Background: Although the crocodilepox virus (CRV) is currently unclassified, phylogenetic analyses suggest that its 
closest known relatives are molluscum contagiosum virus (MCV) and the avipox viruses. The CRV genome is 
approximately 190 kb and contains a large number of unique genes in addition to the set of conserved 
Chordopoxvirus genes found in all such viruses. Upon sequencing the viral genome, others noted that this virus 
was also unusual because of the lack of a series of common immuno-suppressive genes. However, the genome 
contains multiple genes of unknown function that are likely to function in reducing the anti-viral response of the 
host. 

Results: By using sensitive database searches for similarity, we observed that gene 157 of CRV-strain Zimbabwe 
(CRV-ZWE) encodes a protein with a domain that is predicted to bind dsRNA. Domain characterization supported 
this prediction, therefore, we tested the ability of the Robetta protein structure prediction server to model the 
amino acid sequence of this protein on a well-characterized RNA binding domain.
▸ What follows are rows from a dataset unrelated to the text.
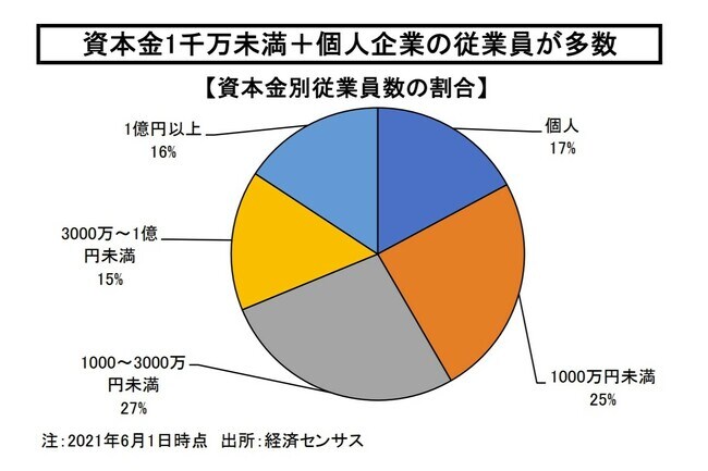植田総裁は中小企業の賃上げについて、その原資となる収益の状況は法人企業統計季報などを見ると改善しているとの見解を示した。しかし、中小企業の多くは法人企業統計季報の対象外である資本金1000万円未満の企業、または個人企業だ(総務省「経済センサス」)。また法人企業統計季報上で定義される資本金1000万円から1億円未満の企業はサンプル調査であり、精度は幅をもって見る必要もある。なお、「日銀短観」は資本金2000万円以上からが調査対象であり、対象範囲がさらに狭まる(図表1)。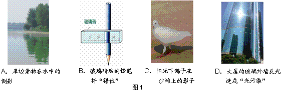 如图1所示的四种现象中,属于光的反射现象的是: ( )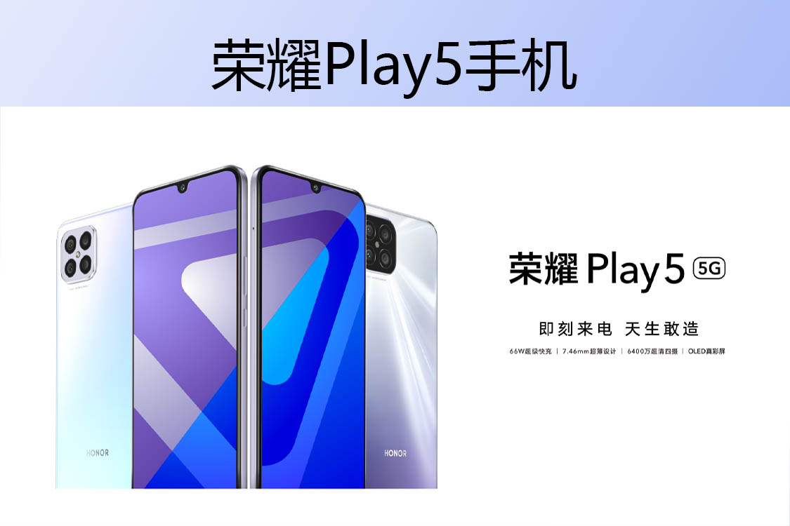 2021年5月18日晚19:00,榮耀發布了Play5系列手機,榮耀Play5擁有單電芯雙回路的66W超級快充,處理器為中端的天機800U,拍照方面為6400萬像素的后攝四攝與16MP前攝,屏幕采用的是萊茵低藍光認證的6.53英寸廣色域OLED真彩屏,搭配了屏內指紋解鎖、智慧雙5G及多功能NFC、超級夜景算法等功能,共有冰島幻境、鈦空銀、幻夜黑三種配色。榮耀Play5防水等級在官網是沒有明顯提到的,因此在手機使用過程中要注意防水,避免手機進水而不能使用。

The model generated by 
Robetta suggests that CRV-ZWE-157 does indeed contain an RNA binding domain; the model could be overlaid on 
the template protein structure with high confidence. 

Conclusion: We hypothesize that CRV-ZWE-157 encodes a novel poxvirus RNA binding protein and suggest that as 
a non-core gene it may play a role in host-range determination or function to dampen host anti-viral responses. 
Potential targets for this CRV protein include the host interferon response and miRNA pathways.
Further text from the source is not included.